Shopping for an arcade…uh, a home

We have lived in the greater Seattle area for about six years from Texas. We rented a large but poorly maintained house (due to the landlord’s lack of care), which has been less than ideal. The house did have a nice sized area for a workshop but the space for the arcade soon outgrew our collection causing about 35% of the games to never make it out of the workshop.

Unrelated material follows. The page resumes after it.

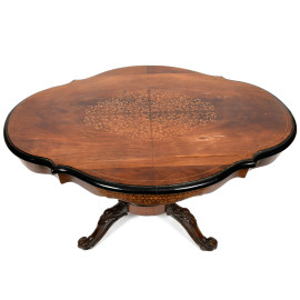 Tavolo con piano sagomato finemente intarsiato con decori fitomorfi in legni da frutto. Bordo profilato in legno laccato nero. XX secolo, cm 75x120x48, (difetti)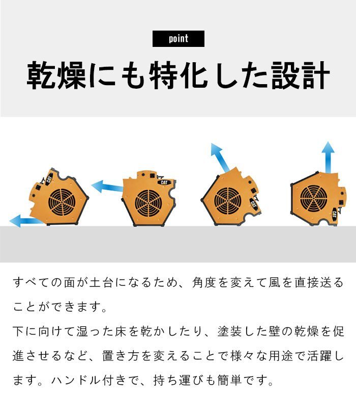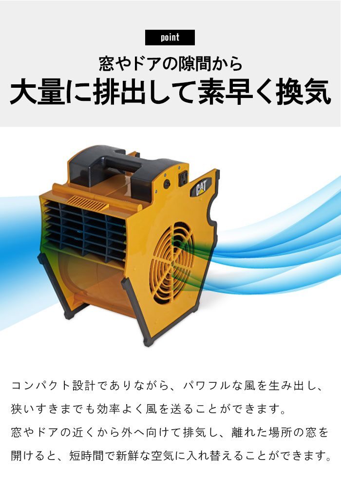 窓やドアの隙間から大量に排出して素早く換気。 乾燥にも特化した設計。 3台まで連結可能。 コンパクト設計でありながら、パワフルな風を生み出し、狭いすきまでも効率よく風を送ることができます。 窓やドアの近くから外へ向けて排気し、離れた場所の窓を開けると、短時間で新鮮な空気に入れ替えることができます。 すべての面が土台になるため、角度を変えて風を直接送ることができます。 下に向けて湿った床を乾かしたり、塗装した壁の乾燥を促進させるなど、置き方を変えることで様々な用途で活躍します。 ハンドル付きで、持ち運びも簡単です。 本体に連結用コンセントが付いてるので、電源タップが無くても連結可能できます。 |

This time was right this spring to buy our own place in the PNW. A walk-out basement was on the priority list of features so the entire collection could be in one place (along with other non-arcade factors). Basements are not as common in the Seattle area as other places around the USA, and with other factors we desired in a house added to this (a nice kitchen, around 2600 square feet) we had a feeling that we would have to make some sacrifices from our “ideal dream home” or even, gasp, downsize the collection of games in the arcade.


No arcade games on this floor, sad really...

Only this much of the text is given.